The reply is a verbatim copy of the listing below with its images dropped.

● Dataset excerpt:
# # #

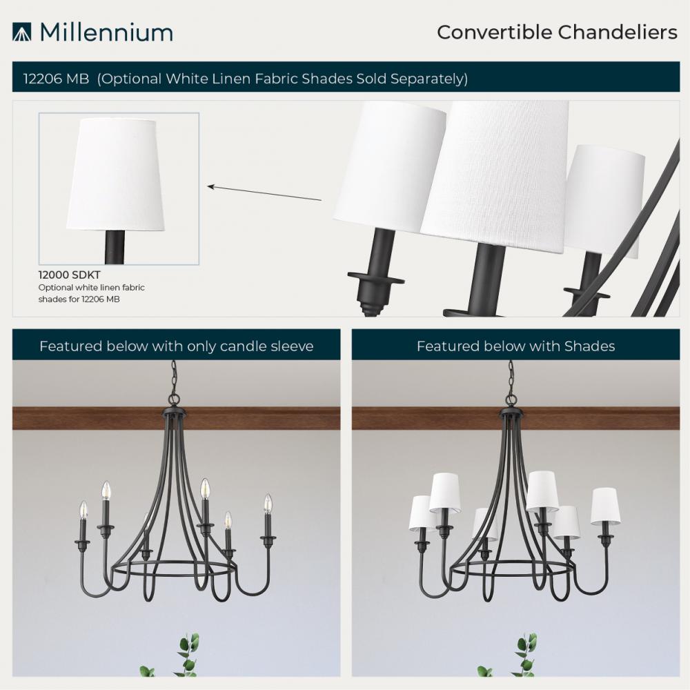 Millennium 12206-MB - Artemis 6-Light Chandelier Ceiling Light Matte Black
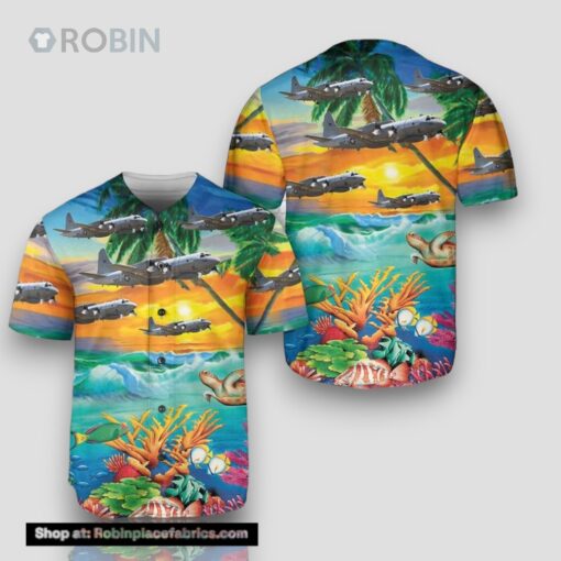 US Navy Lockheed EP 3E ARIES II Air Reconnaissance Squadron VQ 1 ''World Watchers'' Baseball Jersey features
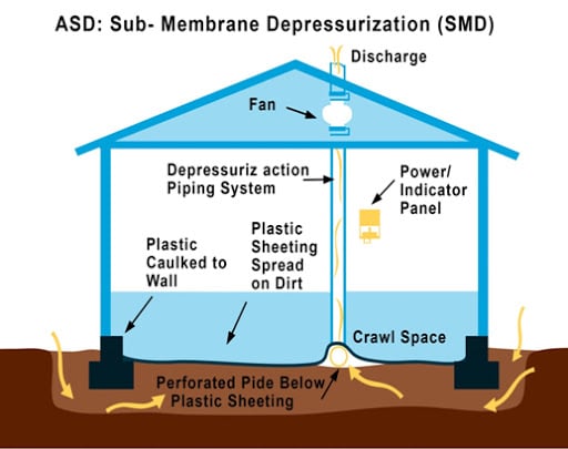 Some homes have crawl spaces that contain exposed dirt, and these crawl spaces can serve as a source of radon gas. One of the radon mitigation methods used in such spaces is the Sub-Membrane Depressurization. Special membranes made of plastic are used to encapsulate the dirt. Once encapsulated, the membrane is sealed around the support columns. Any plumbing slacks are accommodated under the dirt floor in the crawl space. Following this, a PVC collection pipe is sealed under the plastic membrane and is tied into the pipe connected to the fan and vent. Once the entire system is set up, the air is drawn from the sealed membrane and is removed through the vent. It also takes with it all the moisture from the soil of the dirt bed, and hence, this method serves a dual purpose – mitigating radon and dehumidifying the crawl spaces.
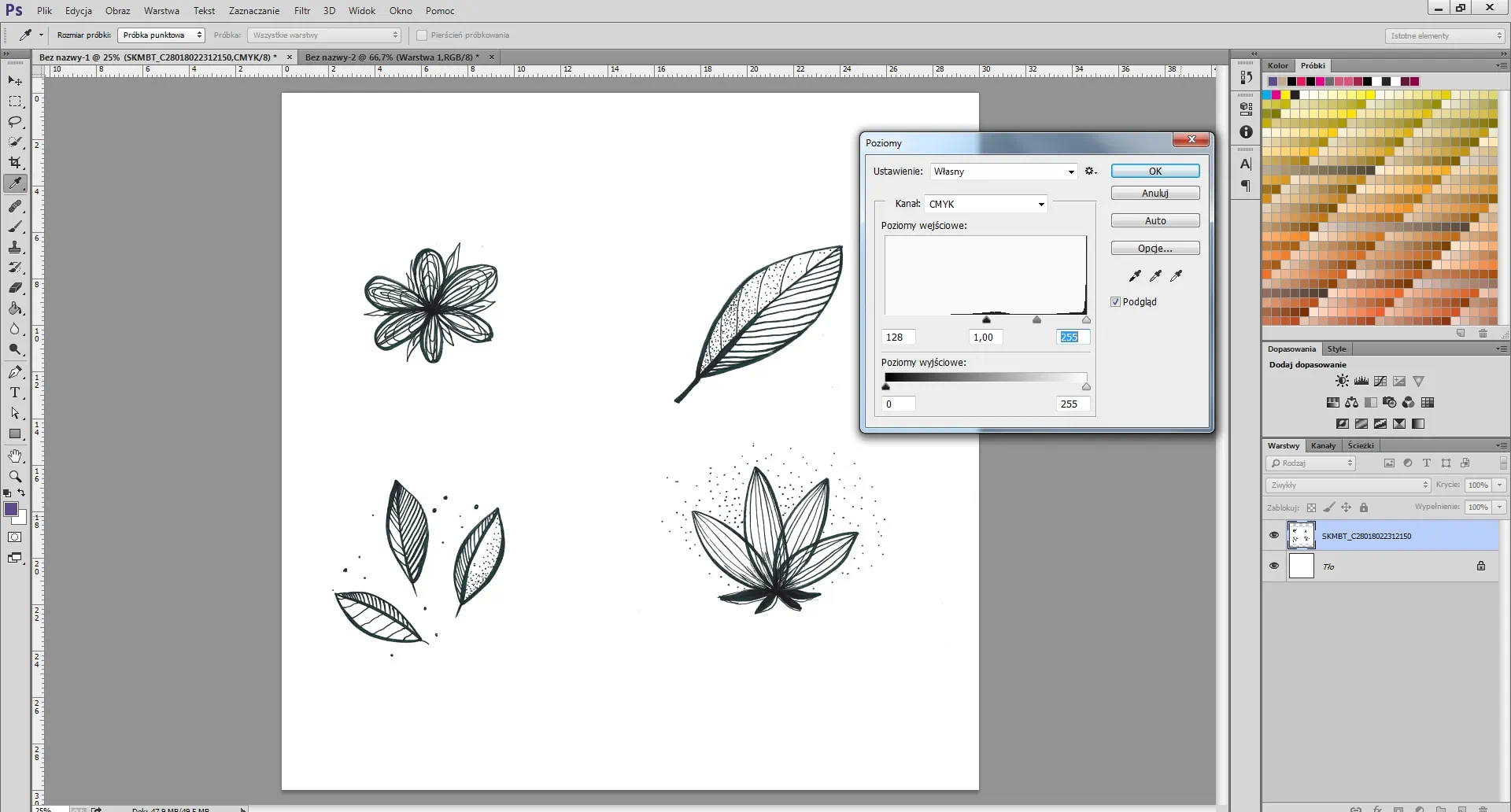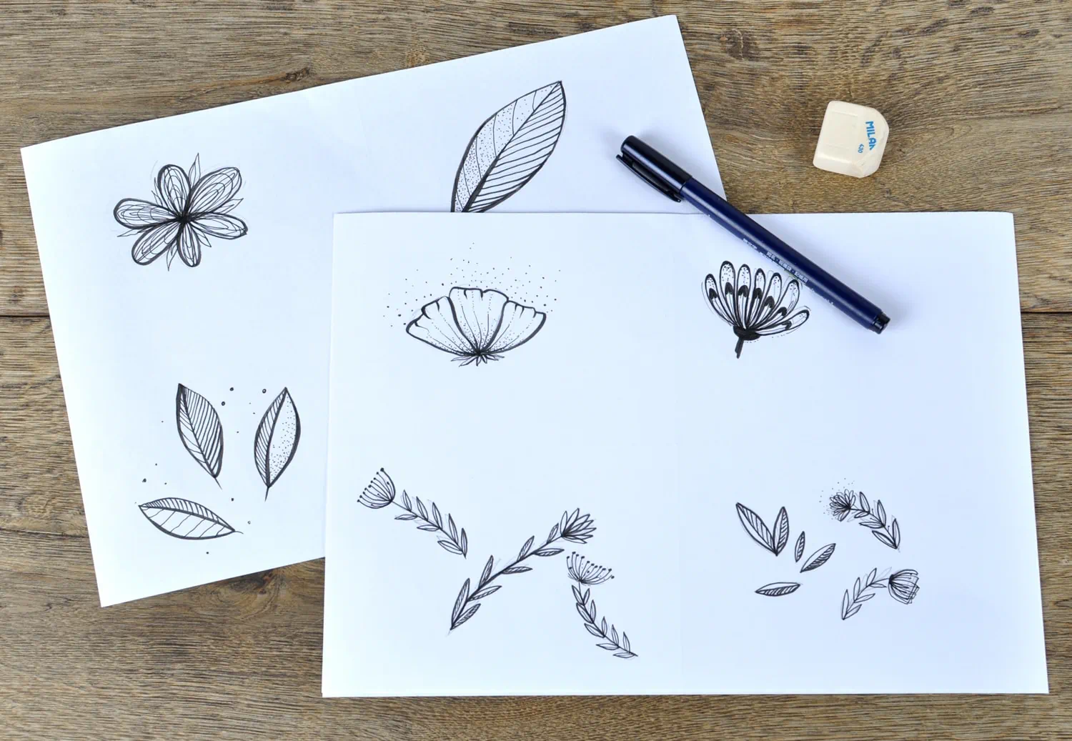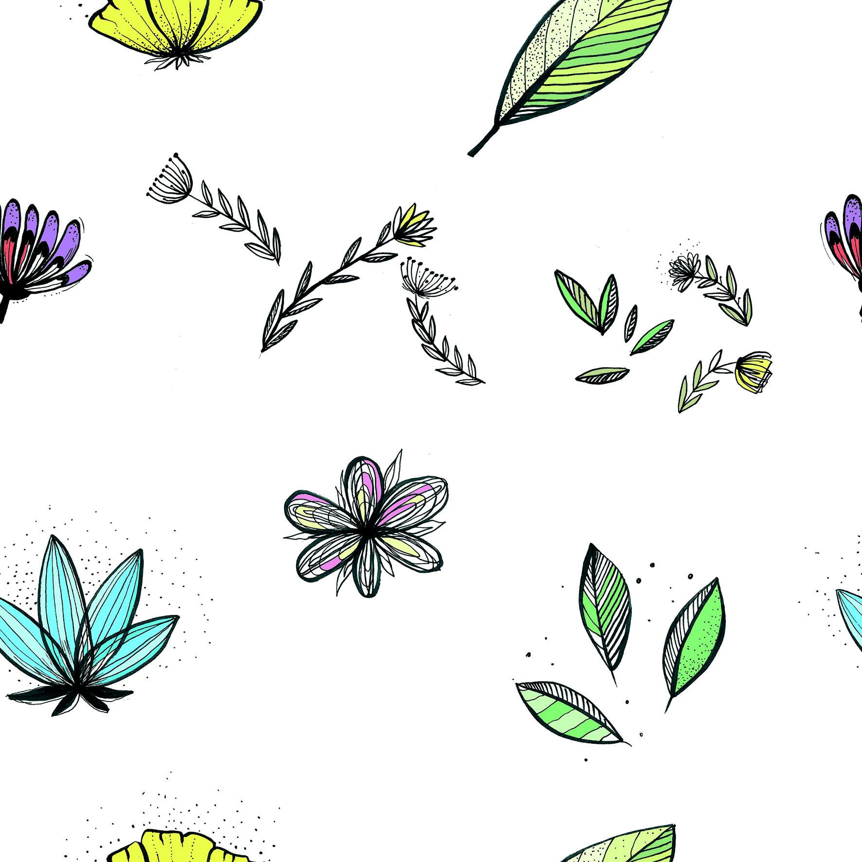 Para iniciar este tutorial de cómo diseñar un patrón sin costuras, dibuja algunos elementos en una hoja blanca. Hemos elegido flores: no hay nada mejor que un patrón floral ligero. Siéntete libre de dibujar lo que quieras. Usa un marcador negro grueso para facilitar el escaneo: las imágenes escaneadas se ven mejor cuando los elementos son claros. Si usas un lápiz para dibujar, retiñe con marcador y borra los dibujos en lápiz antes de escanear. Luego, escanea tu imagen a una resolución de 300 ppp .

# # #

● Answer to the exercise:
 Millennium 12206-MB - Artemis 6-Light Chandelier Ceiling Light Matte Black
 US Navy Lockheed EP 3E ARIES II Air Reconnaissance Squadron VQ 1 ''World Watchers'' Baseball Jersey features
 Some homes have crawl spaces that contain exposed dirt, and these crawl spaces can serve as a source of radon gas. One of the radon mitigation methods used in such spaces is the Sub-Membrane Depressurization. Special membranes made of plastic are used to encapsulate the dirt. Once encapsulated, the membrane is sealed around the support columns. Any plumbing slacks are accommodated under the dirt floor in the crawl space. Following this, a PVC collection pipe is sealed under the plastic membrane and is tied into the pipe connected to the fan and vent. Once the entire system is set up, the air is drawn from the sealed membrane and is removed through the vent. It also takes with it all the moisture from the soil of the dirt bed, and hence, this method serves a dual purpose – mitigating radon and dehumidifying the crawl spaces.
 Para iniciar este tutorial de cómo diseñar un patrón sin costuras, dibuja algunos elementos en una hoja blanca. Hemos elegido flores: no hay nada mejor que un patrón floral ligero. Siéntete libre de dibujar lo que quieras. Usa un marcador negro grueso para facilitar el escaneo: las imágenes escaneadas se ven mejor cuando los elementos son claros. Si usas un lápiz para dibujar, retiñe con marcador y borra los dibujos en lápiz antes de escanear. Luego, escanea tu imagen a una resolución de 300 ppp .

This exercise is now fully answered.